Objective-The impact of glucocorticoids and mineralocorticoids on chronic otitis media (COM) in toll-like receptor 4-deficient C3H/HeJ mice was investigated.Study Design-To evaluate control of COM by steroids with differences in their antiinflammatory (prednisolone, dexamethasone), and fluid absorption functions (fludrocortisone, aldosterone). A minimum sample size of 5 animals for each group was required based on power analysis calculations. Sample sizes ranged from 7-17 mice per treatment group.Subjects and Methods-ABR thresholds were performed at baseline, 2 weeks and 4 weeks.

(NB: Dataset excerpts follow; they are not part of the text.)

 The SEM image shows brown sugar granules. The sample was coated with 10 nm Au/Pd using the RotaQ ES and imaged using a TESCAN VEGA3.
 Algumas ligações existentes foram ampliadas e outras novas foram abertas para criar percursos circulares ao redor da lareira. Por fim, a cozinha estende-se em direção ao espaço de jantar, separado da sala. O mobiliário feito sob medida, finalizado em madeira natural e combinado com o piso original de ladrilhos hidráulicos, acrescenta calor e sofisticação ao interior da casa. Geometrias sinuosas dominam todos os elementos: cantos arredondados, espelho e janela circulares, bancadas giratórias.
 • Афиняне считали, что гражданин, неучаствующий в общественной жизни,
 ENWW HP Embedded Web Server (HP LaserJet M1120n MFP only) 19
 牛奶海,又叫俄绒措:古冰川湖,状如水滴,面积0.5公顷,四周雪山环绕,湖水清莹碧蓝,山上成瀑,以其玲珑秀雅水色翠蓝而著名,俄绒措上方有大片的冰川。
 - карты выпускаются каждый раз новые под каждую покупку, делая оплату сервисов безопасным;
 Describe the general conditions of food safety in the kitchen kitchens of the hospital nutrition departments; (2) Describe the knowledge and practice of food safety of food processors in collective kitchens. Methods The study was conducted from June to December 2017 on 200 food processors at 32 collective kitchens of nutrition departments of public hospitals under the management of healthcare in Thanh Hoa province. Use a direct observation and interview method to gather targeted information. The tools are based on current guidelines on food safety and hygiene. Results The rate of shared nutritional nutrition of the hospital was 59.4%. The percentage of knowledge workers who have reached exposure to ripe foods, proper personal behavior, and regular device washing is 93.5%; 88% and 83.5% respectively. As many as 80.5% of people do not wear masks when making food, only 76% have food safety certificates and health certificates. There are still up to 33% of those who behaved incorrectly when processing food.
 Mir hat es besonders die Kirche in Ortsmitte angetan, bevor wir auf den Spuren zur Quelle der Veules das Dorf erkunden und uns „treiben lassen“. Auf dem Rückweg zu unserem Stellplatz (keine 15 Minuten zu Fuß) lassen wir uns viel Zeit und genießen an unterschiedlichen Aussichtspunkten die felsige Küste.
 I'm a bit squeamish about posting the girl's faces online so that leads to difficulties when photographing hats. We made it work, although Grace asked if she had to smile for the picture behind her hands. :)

Histopathology was evaluated on all mice ears at the end of the study.Results-ANOVA of ABR threshold change showed significant treatment effects (p <0.05) by both steroid types at all time intervals and ABR frequencies except 4 weeks/8 kHz. Histologic assessment showed prednisolone-treated mice had a higher rate of clearance of middle and inner ear inflammation (62%) than control mice (4%).Conclusion-It was concluded that steroid treatments can improve the physiology of chronic middle and inner ear disease seen with COM.